Abram Poindexter Maury ( , December 26, 1801 – July 22, 1848)  was an American politician, who represented Tennessee's eighth district in the United States House of Representatives. He was a slaveholder.

Biography
Maury was born near Franklin, Tennessee, on the plantation of his father, Abraham "Abram" Maury, Jr. After his preparatory studies, he became the editor of a newspaper in St. Louis, Missouri, at the age of sixteen. He next entered the United States Military Academy at West Point, New York, in 1820. He left the following year to pursue the study of law and edit a newspaper in Nashville, Tennessee.

In 1826, he married Mary Eliza Tennessee Claiborne (1806-1852), daughter of Sarah Terrell Lewis and Dr. Thomas Augustine Claiborne, whose family was politically well-connected in the South. They had nine children together, naming the seventh Septima and the eighth Octavia.

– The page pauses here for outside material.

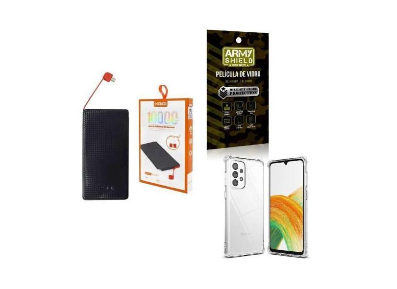 Kit Power Bank 10.000Mah + Capinha Samsung A33 + Película 3D - Armyshi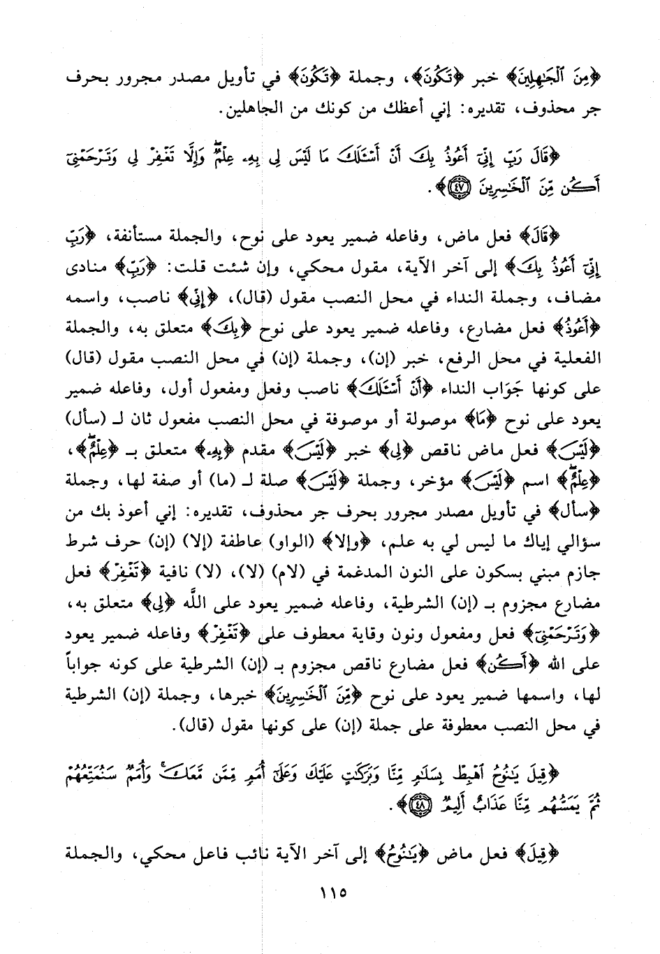 {قَالَ} فعل ماض، وفاعله ضمير يعود على نوح، والجملة مستأنفة، {رَبِّ إِنِّي أَعُوذُ بِكَ} إلى آخر الآية، مقول محكي، وإن شئت قلت: {رَبِّ} منادى مضاف، وجملة النداء في محل النصب مقول (قال)، {إِنِّي} ناصب، واسمه {أَعُوذُ} فعل مضارع، وفاعله ضمير يعود على نوح {بِكَ} متعلق به، والجملة الفعلية في محل الرفع، خبر (إن)، وجملة (إن) في محل النصب مقول (قال) على كونها جَوَاب النداء {أَنْ أَسْأَلَكَ} ناصب وفعل ومفعول أول، وفاعله ضمير يعود على نوح {مَا} موصولة أو موصوفة في محل النصب مفعول ثان لـ (سأل) {لَيْسَ} فعل ماض ناقص {لِي} خبر {لَيْسَ} مقدم {بِهِ} متعلق بـ {عِلْمٌ}، {عِلْمٌ} اسم {لَيْسَ} مؤخر، وجملة {لَيْسَ} صلة لـ (ما) أو صفة لها، وجملة {سأل} في تأويل مصدر مجرور بحرف جر محذوف، تقديره: إني أعوذ بك من سؤالي إياك ما ليس لي به علم، {وإلا} (الواو) عاطفة (إلا) (إن) حرف شرط جازم مبني بسكون على النون المدغمة في (لام) (لا)، (لا) نافية {تَغْفِرْ} فعل مضارع مجزوم بـ (إن) الشرطية، وفاعله ضمير يعود على اللَّه {لِي} متعلق به، {وَتَرْحَمْنِي} فعل ومفعول ونون وقاية معطوف على {تَغْفِرْ} وفاعله ضمير يعود على الله {أَكُنْ} فعل مضارع ناقص مجزوم بـ (إن) الشرطية على كونه جوابًا لها، واسمها ضمير يعود على نوح {مِنَ الْخَاسِرِينَ} خبرها، وجملة (إن) الشرطية في محل النصب معطوفة على جملة (إن) على كونها مقول (قال).

His father, Abraham Poindexter Maury, Jr. was a member of the Tennessee Senate and is the namesake of Maury County, Tennessee.

Career
Maury was a member of the Tennessee House of Representatives in 1831, 1832, 1843, and 1844. He was admitted to the bar in 1839 and practiced in Williamson County, Tennessee.

Elected as a White supporter to the Twenty-fourth Congress by Tennessee's eighth district and re-elected as a Whig to the Twenty-fifth Congress, Maury served from March 4, 1835, to March 3, 1839.  He was not a candidate for renomination in 1838.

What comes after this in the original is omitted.